1994Chartered Semiconductor Manufacturing (now GlobalFoundries) established with EDB support
1995Jurong Island reclamation begins, merging seven southern islands into integrated petrochemical complex
2000Biomedical Sciences (BMS) initiative launched as fourth pillar of manufacturing
2001Philip Yeo moves to chair A*STAR; Ko Kheng Hwa becomes EDB managing director
2003Biopolis research complex opens in one-north
2006First Research, Innovation and Enterprise (RIE) plan launched with S$13.5 billion five-year commitment
2007Integrated Resorts (Marina Bay Sands and Resorts World Sentosa) approved, with EDB involvement in investment facilitation
2008Global Financial Crisis; EDB pivots to retaining existing investments and protecting jobs
2012Beh Swan Gin becomes EDB chairman
2014EDB launches Industry Transformation Programme
2016Committee on the Future Economy (CFE) report released; EDB role reaffirmed with emphasis on innovation
2017Industry Transformation Maps (ITMs) rolled out across 23 sectors
2018Enterprise Singapore formed from merger of IE Singapore and SPRING; clarifies EDB's investment promotion mandate
2020COVID-19 pandemic; EDB works to maintain supply chain continuity and retain investments
2021-2023Global semiconductor shortage drives renewed EDB focus on chip manufacturing investments
2023EDB attracts record fixed asset investments of S$13.8 billion
2024-2025Singapore AI strategy accelerated; EDB facilitates data centre and AI infrastructure investments
2025Jacqueline Poh serves as EDB managing director; continued focus on sustainability, AI, and advanced manufacturing

Section 4: Background and Context

The Entrepot Economy and Its Limits

Singapore in 1959, when the PAP took power, was an entrepot trading port with a narrow economic base.

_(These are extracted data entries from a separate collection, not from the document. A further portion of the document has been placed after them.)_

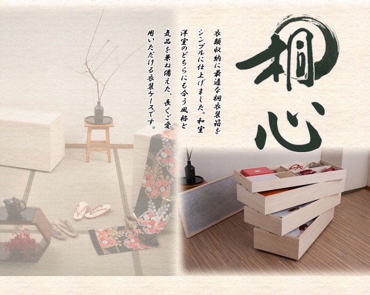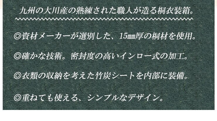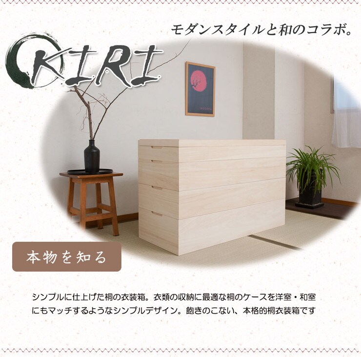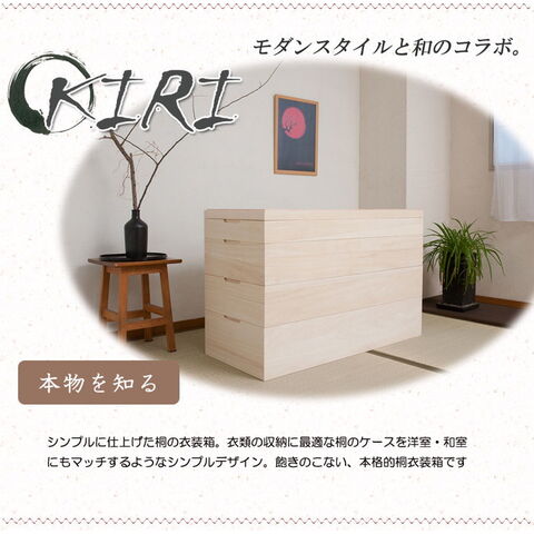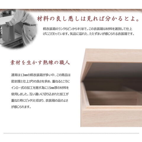 取っ手金物のないシンプルに仕上げたモダンな印象の桐衣装箱。
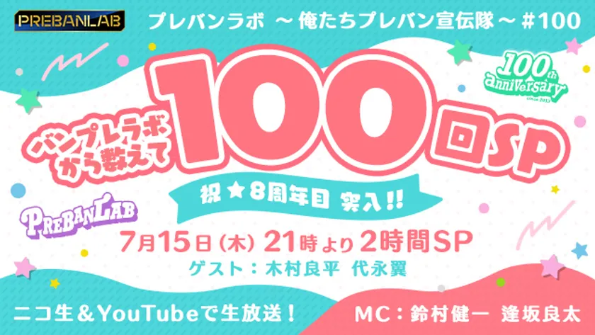 バンダイナムコグループ公式通販サイト「プレミアムバンダイ」( http://p-bandai.jp/?rt=pr )が月1で運営するプロモーション番組「プレバンラボ」( https://p-bandai.jp/prebanlab/?rt=pr )が、2021年7月15日(木)に100回目の放送を迎えます。これに伴い『プレバンラボ ~バンプレラボから数えて100回SP~』を同日21時より2時間スペシャル番組として生放送を実施いたします。ゲストは声優の木村良平さんと代永翼さんです。
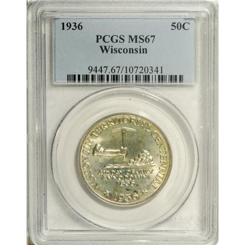 1936 50C Wisconsin MS67 PCGS. Lightly gold-toned overa
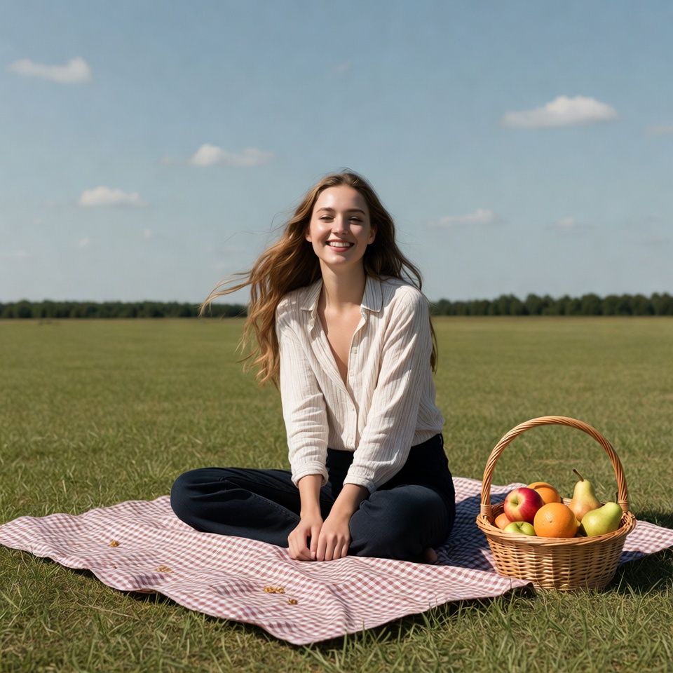 White, apples, blue sky, checkered blanket, clouds, cross-legged, female, fresh fruit, fruit basket, grass, green field, long hair, oranges, outdoor, pants, pears, picnic, red blanket, sitting, smiling, wavy hair, white shirt, wicker basket, young woman, woman
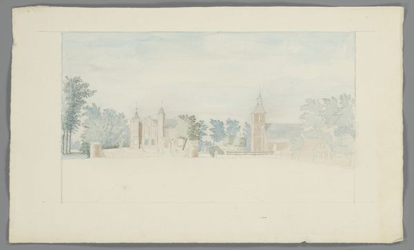 Curator: Ah, a tranquil scene. Lodewijk Johannes Kleijn's "Huis aan de Vliet te Voorburg," a watercolor painting created sometime between 1827 and 1897. Editor: There's a stillness here, almost haunting. The soft grays and greens create this very placid yet melancholy mood. The watercolor application seems almost ethereal. Curator: The work invites a reflection on 19th-century Dutch society, I think. Kleijn’s representation of the stately home by the Vliet river hints at the prosperity enjoyed by a certain class while, of course, concealing the realities of colonialism and the working class that supported such comfort. The idyllic imagery, however, subtly contrasts the broader context of exploitation. Editor: Interesting point. Looking at the formal aspects, it's the careful layering of the paint that holds my gaze. Notice how the verticality of the trees is juxtaposed with the horizontality of the water line, dividing the composition. The reflection adds a nice mirroring symmetry too, while slightly distorting the original forms. There's a kind of calculated pictorial architecture at play. Curator: Indeed. That calculated architecture speaks to a deliberate construction of national identity, a kind of visual rhetoric that seeks to affirm particular values through seemingly benign landscape depictions. These works become stages where narratives of belonging are performed. Were those allowed on those lawns included people of color, queer folks, poor people? I wonder what these houses represented for different classes of the time? Editor: Perhaps, but can we separate the artist's conscious intention from the inherent qualities of the image itself? The semiotic reading is there, the balance of tones, the texture creating depth—elements working together irrespective of societal narratives, providing viewers aesthetic pleasure. Curator: The aesthetic experience can never exist outside the frame of the sociopolitical, though. Beauty is not neutral; it is coded and carries with it a history of power relations. Editor: An important consideration. Still, the artistic strategies should not be dismissed because it allows for a universal experience, reaching viewers across different eras and social contexts. Curator: Perhaps the tension between those universal and particular readings is what makes this artwork enduring. Editor: A fitting perspective to carry forward. Thank you.
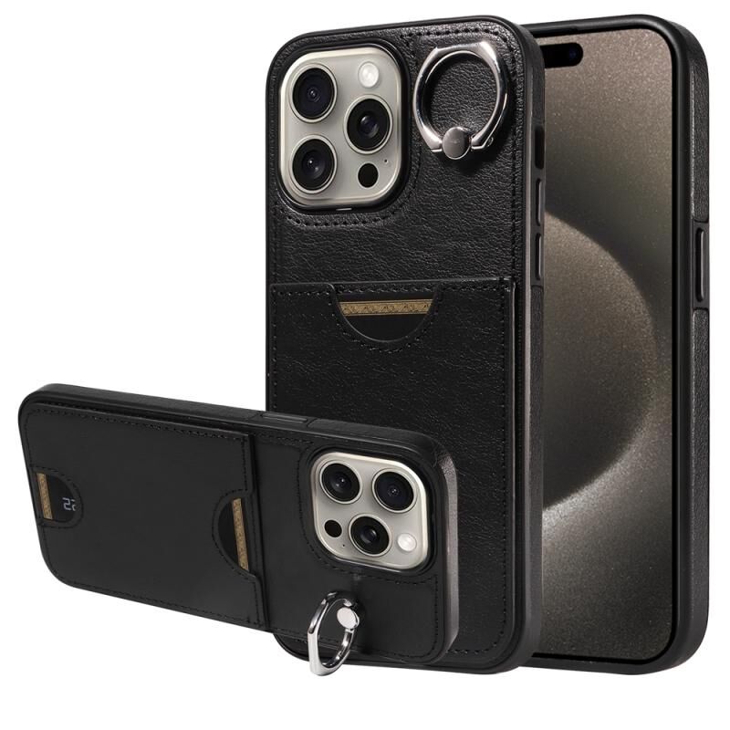 Θήκη τηλεφώνου για iPhone 15 Pro Max με υφή μοσχαρίσιου δέρματος, θήκη κάρτας και δακτύλιο στήριξης (Μαύρο)
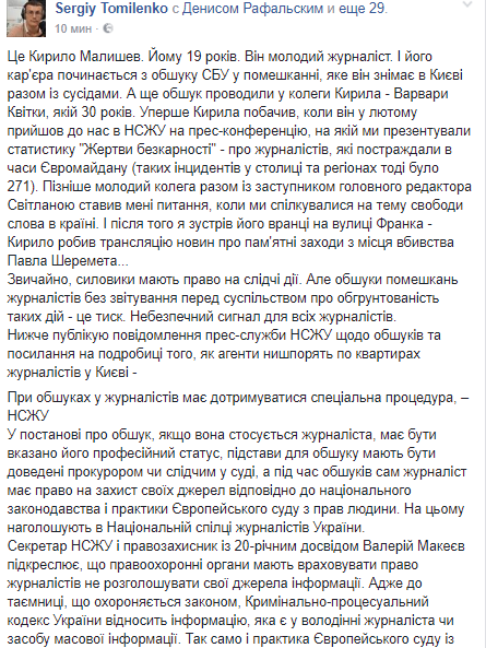 "Это Кирилл Малышев. Ему 19 лет. Он молодой журналист. И его карьера начинается с обыска СБУ в помещении, которое он снимает в Киеве вместе с соседями. А еще обыск проводили у коллеги Кирилла - Варвары Квитки, которой 30 лет. Впервые Кирилла увидел, когда он в феврале пришел к нам в НСЖУ на пресс-конференцию, на которой мы представили статистику о журналистах, пострадавших во время Евромайдана (таких инцидентов в столице и регионах тогда было 271). Позже молодой коллега вместе с заместителем главного редактора Светланой ставил мне вопросы, когда мы общались на тему свободы слова в стране. И после этого я встретил его утром на улице Франко - Кирилл делал трансляцию новостей о памятные мероприятия с места убийства Павла Шеремета ...
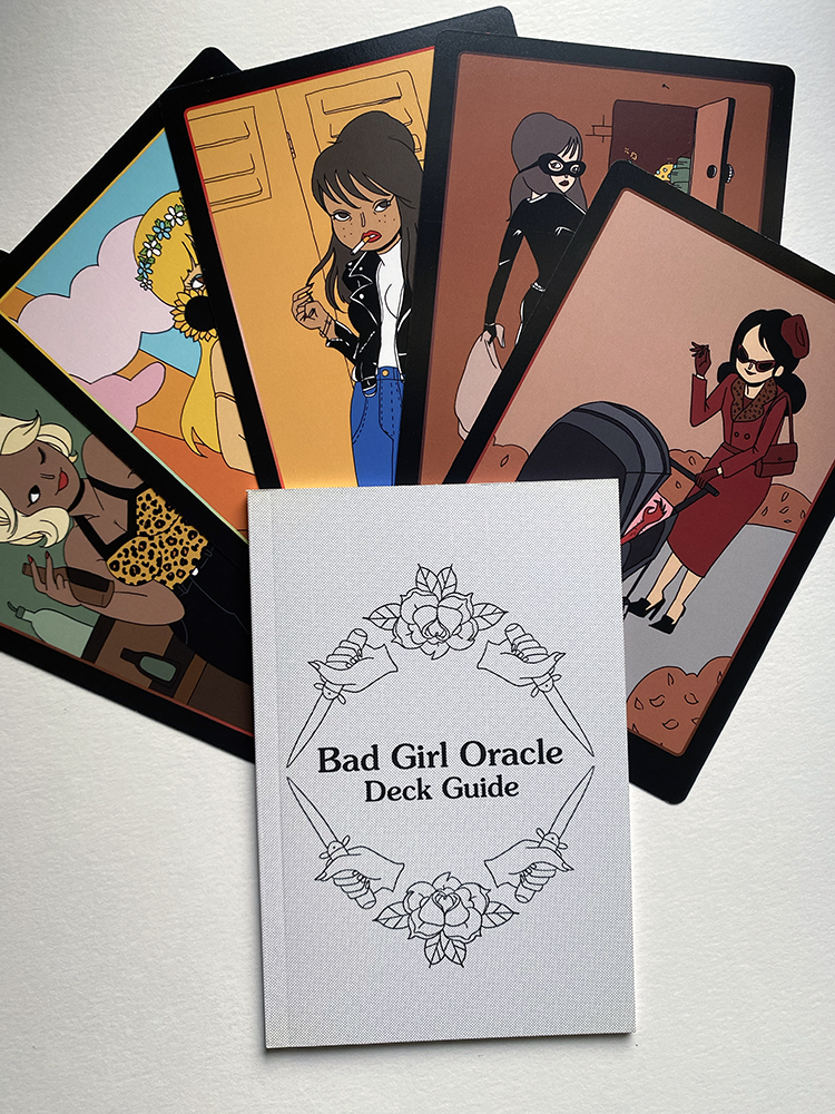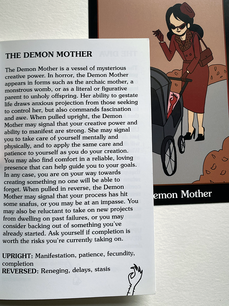 40-card divination tool, comes with tuckbox, cards, and 44-page guide booklet for upright and reversed readings. Cards are 4×6″ and printed on durable stock. Each deck is individually shrink-wrapped. Printed in the USA.
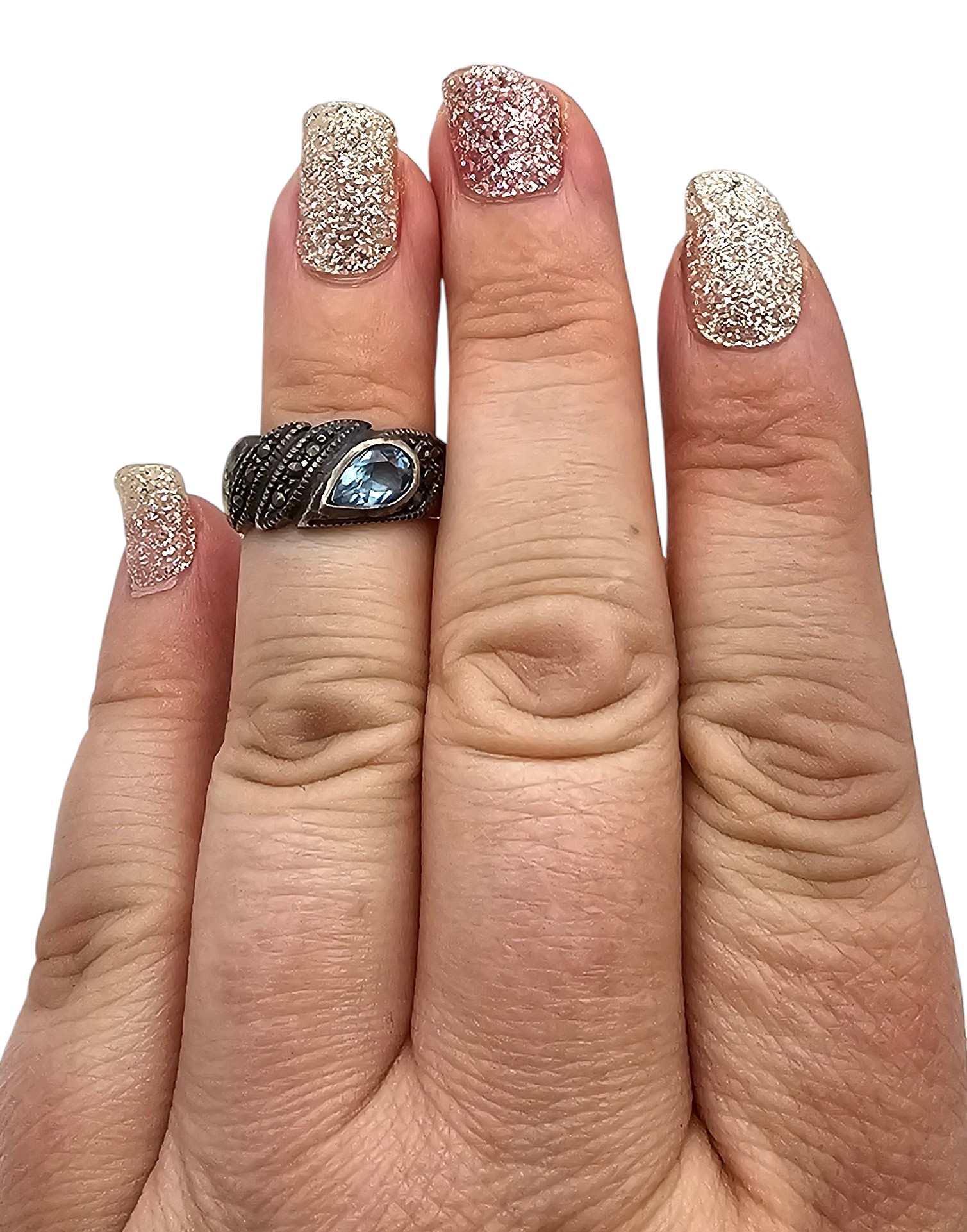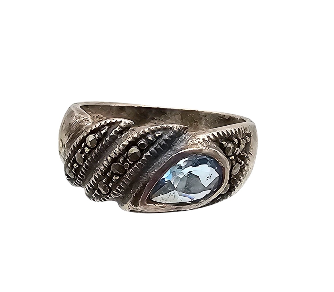 Rhinestone Marcasite Sterling Silver Cocktail Ring Size 5.25 4.6 G
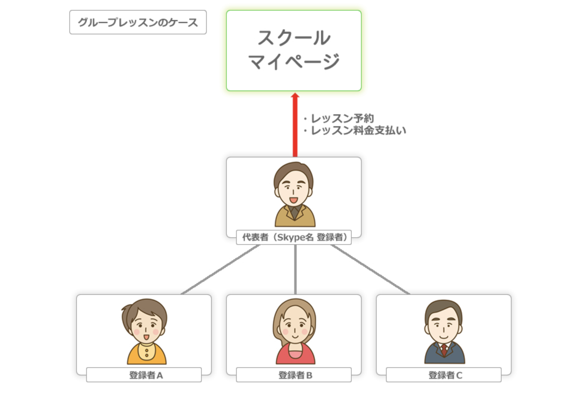 グループレッスンでは、代表者の方がSkype名を登録し、レッスン予約、レッスンのためのポイント購入をまとめて行えるシステムとなっています。
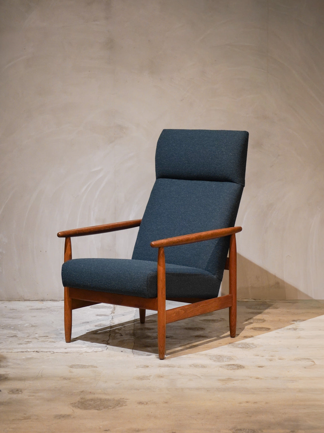 デンマークの著名なデザイナー、アイヴィン・A・ヨハンソンがFDBモブラーのためにデザインしたハイバックチェア「Model J65」。
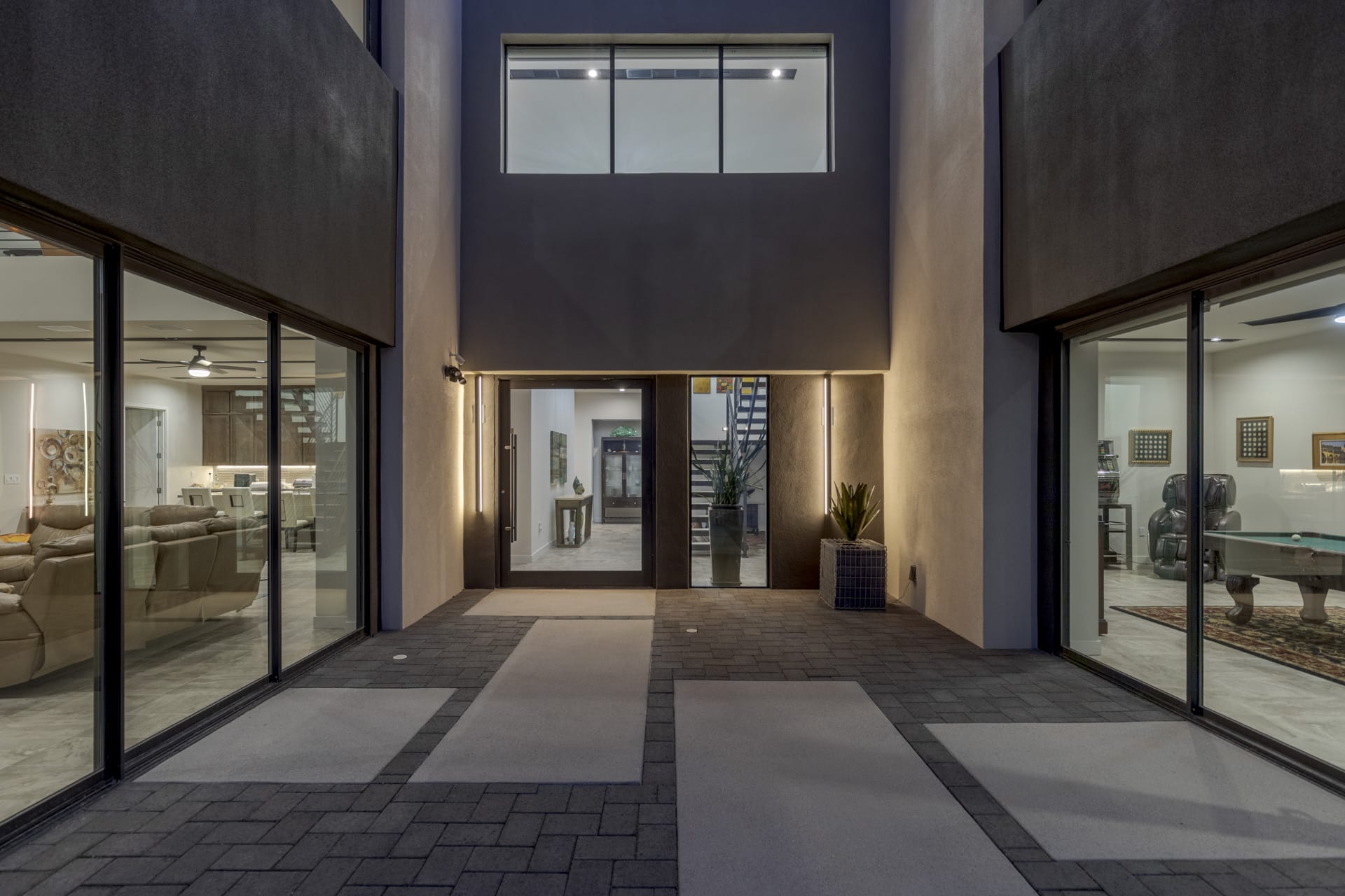 Wake up to stunning sunrise views in the main-level owner’s suite, which boasts pool access, a linear fireplace, a double shower with body jets, and a custom closet by Classy Closets. Five additional en suite bedrooms with custom walk-in closets complete this home, including a spacious junior suite. Additional highlights include five AC units with eight zones, motorized solar shades, pre-wiring for solar power with a junction box on the roof, five exterior cameras—plus a a four-car garage with an EV charging outlet, custom smoked glass garage doors, and showroom-quality flooring that is gas, acid, and anti-freeze-resistant.

Approximately 70% of its GDP derived from trade and services related to its port function -- warehousing, sorting, grading, and re-exporting the primary commodities of the Malay Peninsula and the Indonesian archipelago. Manufacturing contributed less than 12% of GDP. Unemployment was estimated at 10-14%, with underemployment far higher. The population was growing rapidly -- from 1.6 million in 1957 to a projected 2 million by the mid-1960s -- and the baby boom generation was entering the labour force.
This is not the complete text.